Maleficent pushed Aurora away and down the walkway to keep her from seeing her father's crumbled body. All the while her goddaughter gripped at her arm muttering her fears.
Maleficent stole a glance behind them to Diaval who followed silently, allowing the pair their moment, allowing Aurora to get out her tears and adrenaline. But he was watching her wings with a grin she'd never seen before, his pitch black eyes were twinkling, running up and down the feathers.
"Down boy," she muttered to him and smirked as his pale cheeks turned red.
Later that night they three sat in the forest around a fire, Aurora fast asleep, head next to Maleficent's lap while a wing fanned out and draped over the princess. Maleficent could not name what had possessed her to send the bird to bring her food and make sure she slept through that first night she'd taken charge of the girl. It cannot starve to death before my curse, she once told herself.
But the way the infant's cries grated on her nerves was unique, not so much annoying her as it was breaking something inside of her. And it wasn't until many years later as she watched the toddler nearly run herself off a cliff that she felt the first pang of what she could not deny was worry. Pure, unchecked, unconditional fear.
"I think you're beginning to like her," Diaval sneered after the incident with the cliff. And Maleficent had not responded telling herself it was because she wouldn't dignify the statement and absolutely not because she was afraid her voice might be betray her.

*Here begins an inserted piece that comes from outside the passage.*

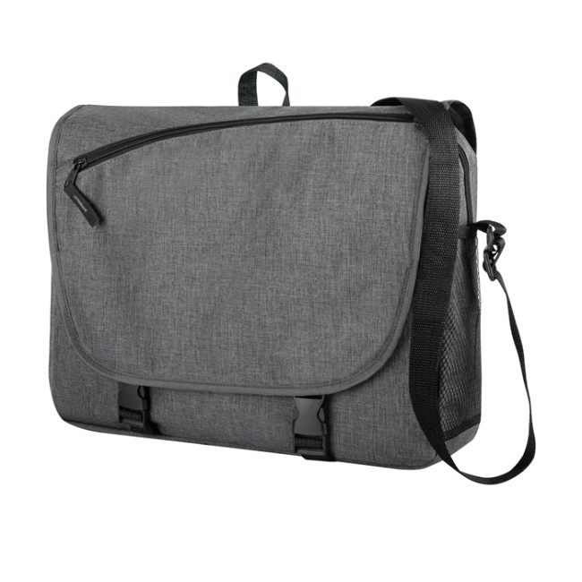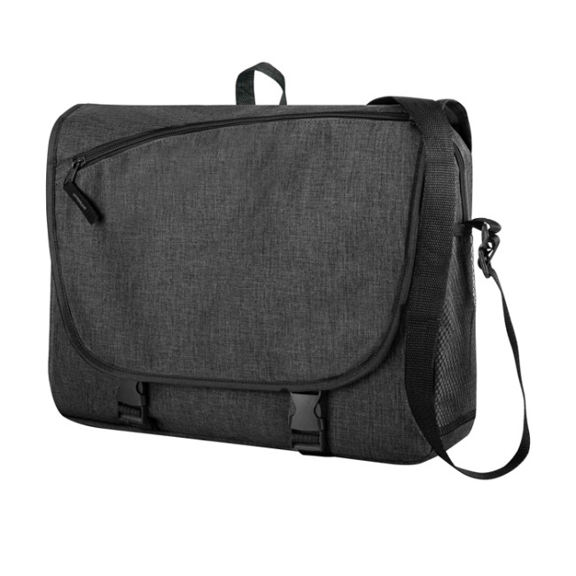 borsa p/documenti in poliestere 300D effetto melange tracolla regolabile manico interno multitasche tasca esterna con cerniera tecnica di stampa consigliata: serigrafica - transfer

"No true love?" Diaval asked in the present over their campfire. He was not sneering now.
She must have looked sheepish, and to that he smiled, not cocky, not rubbing anything in, he looked genuinely happy.
"I think you misunderstood the phrase," he said. "True love, it's just—you love someone, really love someone and that's all."
"Your insight is a true gem Diaval."
"No, what I mean to say is, it's not greedy or lustful or arrogant or all those things the king was," he said, "It's just love. Plain as that. And you love Aurora, no getting away from it this time mistress."
She had no desire to get away from it. As much as it came as a shock to her the moment she watched Aurora cry because of her and call her evil. Her heart shattered in that moment and she realized it was still beating after all, and it was running far away from her within Aurora. And it would die with her if she did not do something. Calling for the boy had been an act of desperation to salvage the light back into her life.
She loved Aurora, fully and truly, for everything she was and everything she knew she'd one day be. The princess was daughter and younger sister and apprentice all in one. Across her time in the darkness of the castle with only Diaval she'd felt a wrenching pain inside much like the sensations her stolen wings gave. It was a phantom heart, the real one was Aurora.
She understood now how people could throw themselves in front of swords for loved ones or drink poison for them. The thing you loved became your heart, and how could you possibly sleep at night without being certain it was still beating strong and safe?
Diaval knew, the wretched beast, he'd guessed years ago. And he looked at her now, the girl sleeping at her side laying safe and warm beneath her wing. He was smiling without moving his face. He was right, and he knew he was right, but what he was telling her now was that he was proud, not boastful, proud that Maleficent was restored; the black would come off, the walking stick disappear, the green magic was no more, and her anger and hatred was gone from the world.
She lost her wings and she lost her heart. She never imagined both would come back to find her.